— П…па…аппропивной! — поправил Коростелев. — Да, — спохватился он, — а оклады, оклады! Мы с тобой об окладах не сговорились!
— Тебе для начала рублей пятнадцать, — с насмешкой сказал Саламатин.
— Это старому-то газетному волку?!
— Я имею в виду — за талант, а за старость этого волка ещё шестьдесят, ну и двадцать пять на пропой. У тебя ведь расходы…
— Так, пожалуй, пойдёт, — согласился Коростелев.
— А с Виктором Сергеевичем мы еще подсчитаем, прикинем…
Саламатин снова наполнил бокалы.
— В первый раз в моей жизни с уд…довольствием и от чистой души п…поднимаю бокал за буржуя! — сказал журналист.
Наутро сообщение о покушении на Боголепова всколыхнуло весь тихий, благополучный город. Гимназисты старших классов взволнованно рассказывали друг другу эту необычайную новость.
После второго урока разнесся слух, что в домовой церкви при гимназии директор назначил молебен о здравии раненого министра.

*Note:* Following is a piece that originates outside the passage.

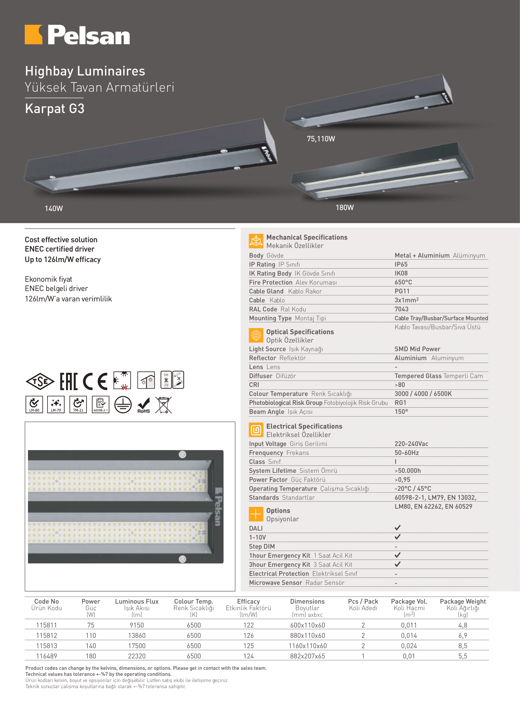 Pelsan Karpat 75 Watt 6500k Led Yüksek Tavan Armatür G3 115811

Возбуждение среди гимназистов усилилось. Раздались голоса, призывающие сбежать из гимназии до начала молебна. Но гардеробная оказалась заперта на замок.

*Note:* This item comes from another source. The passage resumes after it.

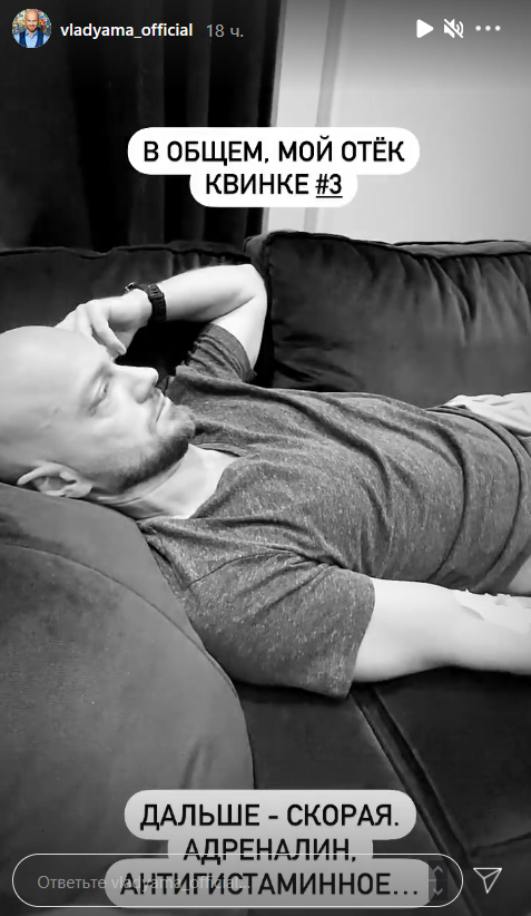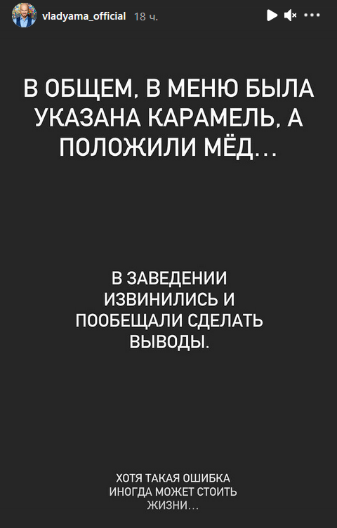 Этой неприятной историей танцор поделился в Instagram Stories. По его словам, в меню была указана карамель, но вместо нее добавили мед, который вызвал сильную аллергическую реакцию. У Влада стали опухать глаза, отекать гортань и появилось удушье - так проявляется отек Квинке.

На большой перемене уже почувствовались приготовления к торжественной церемонии. Директор, куда-то уезжавший, вернулся в гимназию надушенный, в расшитом галунами мундире, в орденах и при шпаге. Учителя, живущие поблизости, после большой перемены тоже оказались в вицмундирах. Из всех классов с четвертых уроков вызвали, певчих, участников церковного хора, на спевку. До окончания четвертого урока послышалось в коридоре топотание и шарканье множества ног. Малышей парами проводили в актовый зал, где гимназические надзиратели указывали им занимать, как на утреннюю молитву, расчерченные по полу прямоугольники, обозначавшие места рядов.
Ученики ещё шумели, толкались, перебегали с места на место, но вот из зала растворились широкие, в обычные дни наглухо закрытые, двери в левой стене, где находился иконостас царских врат церковного алтаря. Актовый зал словно бы превратился в церковь, и шум начал стихать, заменяясь привычным благочинием.
В это время в зал стали входить ученики старших классов, выстраиваясь сзади по заведенному для молитвы порядку.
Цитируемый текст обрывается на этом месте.